So you skewered them to the stones? Couldn't you have used the same skewer and just poked them into the ground or did you completely hollow out the noodle?


----------



## Jaybo (Mar 2, 2009)

joker said:


> Cemetery looks great!! Glad I could contribute
> 
> So you skewered them to the stones? Couldn't you have used the same skewer and just poked them into the ground or did you completely hollow out the noodle?


We wanted the candles sitting on the base of the stone, so we skewered through the foam insulation. We didn't even paint the pool noodles, so they don't look very realistic during the daylight, but at night they trump the PVC candles whole heartily! I need to get out there and run some beads of caulk down the side for the melted wax look. I'm afraid hot glue might melt the pool noodle too much. I'll play around with both and see what happens.


----------



## Jaybo (Mar 2, 2009)

Sometimes I reallllllllllly hate rain. I started working on Jack, our 10ft tall Pumpkin Reaper, last night. He is so large I have to build him in the yard. So, I got the frame setup like I wanted, got all of the chicken wire on the frame, then placed the sheets of burlap on the frame and wired them in place. I was going to start the Monster Mud process last night, but the light on my halogen spotlight burned out and I couldn't work in the dark. Thank goodness I didn't mud!

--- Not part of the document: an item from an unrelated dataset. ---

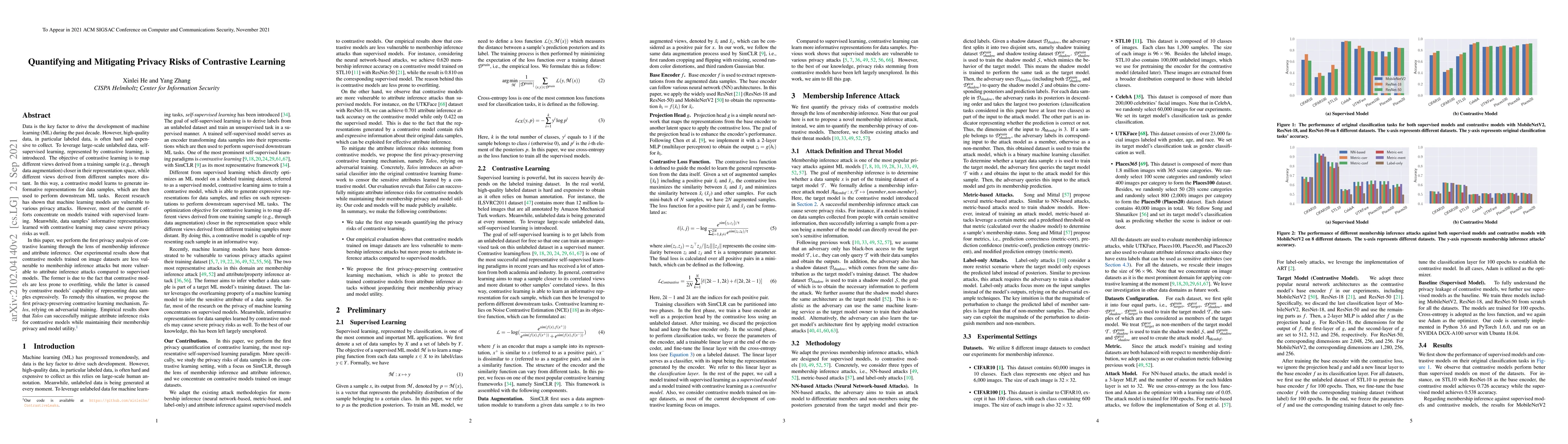 This paper investigates the privacy risks associated with contrastive learning, revealing that while it is less susceptible to membership inference attacks, it is more vulnerable to attribute inference attacks compared to supervised learning models. To address these risks, the authors propose Talos, a privacy-preserving mechanism based on adversarial training, which effectively mitigates attribute inference risks without compromising membership privacy or model utility.

Woke up this morning to a torrential downpour. It has not let up all day. Now I have a half complete prop sitting in the rain waiting for it's mud bath. I'm running out of time! LOL! After he gets mudded, I will need several days for him to fully dry. Then I will have to paint and seal him. I hope this rain moves on soon.


----------



## spideranne (Jul 17, 2006)

The set up is looking great. It is nice to see all the individual items we've seen come together. 

I here you about the rain...enough already.


----------



## Lovedove (Oct 20, 2009)

Your lighting is great ,something I havent quite got down yet.


----------



## Shaka (Jul 29, 2009)

Cool lighting. I like the house in red and the cemetary in blue.....very creepy.


----------



## Haunted Bayou (Feb 16, 2007)

Looks fantastic. I love all of the markers.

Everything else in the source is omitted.